Late nineteenth and early twentieth century Christmas on Canal Street went beyond shopping. Dense crowds filled the street on Christmas Eve, many coming to promenade and see electric lights garlanded along the street and around buildings. Canal Street window decorators vied to outdo each other, as they filled show windows that were ablaze with light - gas illumination in the early days then electric lights beginning in the 1880s. Sidewalk vendors sold anything from cheap jewelry and silk flowers to birds to fireworks. Making noise - blowing horns, beating drums, and shooting fireworks and even guns - was a hallmark of Christmas in the Crescent City. By the 1920s Christmas had become more sedate, and such rowdy merrymaking was reserved for New Year's Eve and Mardi Gras. Later twentieth-century Christmas show windows evolved into lush story-land displays that were generally not revealed until the day after Thanksgiving. The finest window displays in New Orleans were the animated wonderlands at D. H. Holmes, for which families made special holiday trips downtown.

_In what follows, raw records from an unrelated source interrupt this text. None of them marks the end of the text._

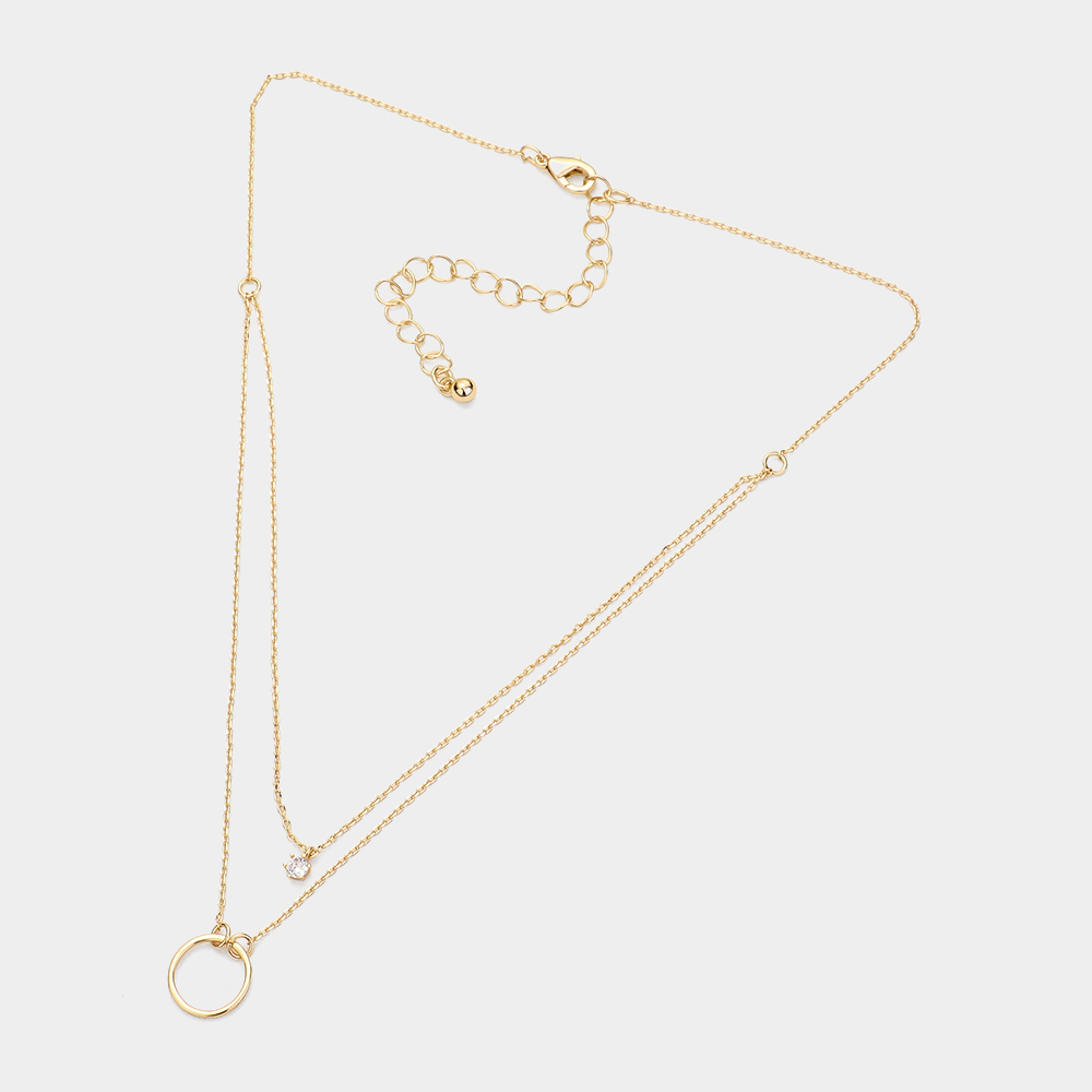 SECRET BOX_Stone Pointed Open Circle Pendant Brass Double Layered Necklace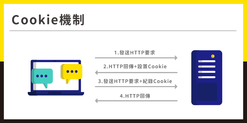 也因為Session是有時效的限制,對優化網站體驗來說作用並不大,所以就有人發明了Cookie。伺服器可以利用 Set-Cookie 這個語法讓瀏覽器儲存一些內容,「內容」也就是我們所談的Cookie,而這些內容會在瀏覽器發送 Request 時從伺服器回傳。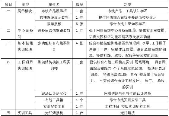 现有较为完善的综合布线实训室一般需要具备三部分的功能:即基础理论知识学习部分、基础技能实训部分和工程项目实践部分。基础理论知识学习部分提供各种资料、图像、录像、样品等,整体呈现综合布线系统工程所涉及的基础知识和产品展示;基础技能实训部分主要通过实训装置提供绐学生对各种布线产品的基本安装和操作的基础技能训练。工程实践部分分为实际工程顶目教学和糢拟工程顶目教学,相对于实际工程顶目这种实习型的教学,模拟工程顶目实践教学是在经过深化设计的模拟布线工程环境中,绐学生提供布线工程涉及的各个子系统和路由的设计、管理、安装等全方位的训练。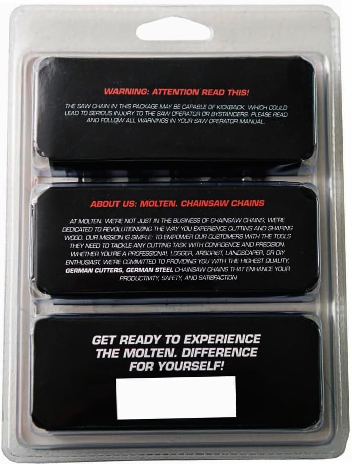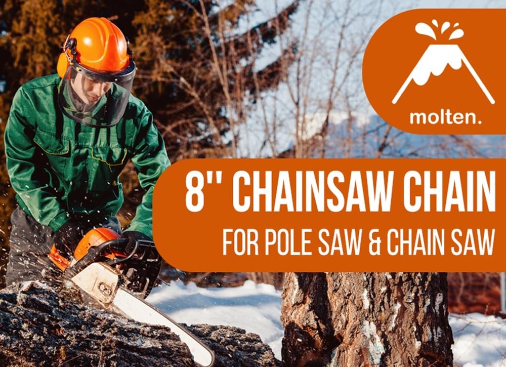 MoltenSales Chainsaw Chains are SO HOT they will melt through all your cutting needs. This chain replaces the following OEMs; Oregon R34, 90PX034E, Dewalt DWO1DT608; Black+Decker RC800, 90616714, 623382-00; Troy-Bilt 753-05592, Craftsman CMZCSC8; Poulan 581562501, 952051549; Husqvarna H38-34; Remington 8SC, 913-04094, 753-05592 Chain Specs: Semi-Chisel; Chain Type: 90PX; Pitch: 3/8'' Low Profile Gauge: .043''; Drive Links: 34; Bar Length: 8'' This Chain is compatible with the following Pole Saw Models: Dewalt DCPS620, DCPS620B, DCPS620M1; Black+Decker LPP120, NPP2018; Troy-Bilt PS720R, TBPS-8 DL; Husqvarna 128PS; Craftsman CMCCSP20M1, CMCCSP20, CMCCSP20B, 3585; This Chain is compatible with Pole Saw Models: Oregon PS250, PS250-E6, PS250-A6; Worx WG310; Remington RM0815P, RM0818BPS, RM2599, 108526-01; Poulan PP446T, PP445, PP446, PP258TP, PP258TPC, PP338PT, PP5000P, PR25PS, PR28PS, PP28PD, PP5000P, PPB5500P This Chain is compatible with Chainsaw Models: Dewalt DCCS623B, DCCS623L1; Black+Decker CCS818; Remington RM08181B, 104316-04, 104316-05 Please Verify Fitment and Drive Link Count Before Purchasing. Molten chains are made with OEM Quality with aftermarket prices!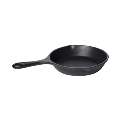 Heiss™ Skillet, 20 oz (25 oz Rim-Full), 7.22" Dia. X 1.26" H (Serving Area, 11.8" L x 7.70" W), round, with handles, aluminum, black cast aluminum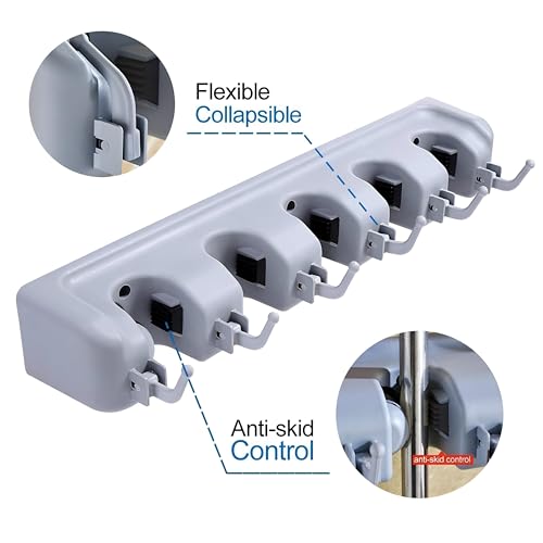 - تم تصميم منظم المكنسة والممسحة ذو الخمس فتحات للحفاظ على جميع أدوات التنظيف مرتبة بدقة وسهولة الوصول إليها. قل وداعًا للخزانات الفوضوية والمكانس المتشابكة! يوفر حل التخزين المبتكر هذا مكانًا مخصصًا لكل أداة، مما يضمن بقائها في مكانها بأمان دون خطر الانقلاب أو التلف.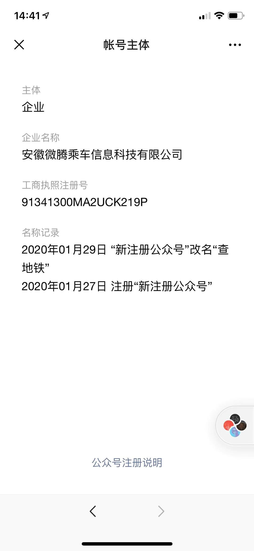“查地铁”这个名称是我们最早注册的,我也查过商标,没有任何团队注册了这个商标,不清楚为何存在混淆误认一说。而且是刚刚好在年前1月20日被告知的,提交申诉后由于新年休假至今未处理,现在名称可能过了保护期,名称已经于1月29日被其他公众号注册了(见图2),我们的期望很简单,就是复原我们的昵称。

Today most Christmas shopping has moved from the Canal Street shopping district to suburban malls or in-town destinations like Magazine Street, Canal Place, and the French Quarter, with its own shops and festive holiday events. In spite of this Canal Street is still decorated during the holidays with greens and tiny lights garlanding palm trees and light standards that hark back to nineteenth century electric light displays and the street's heyday.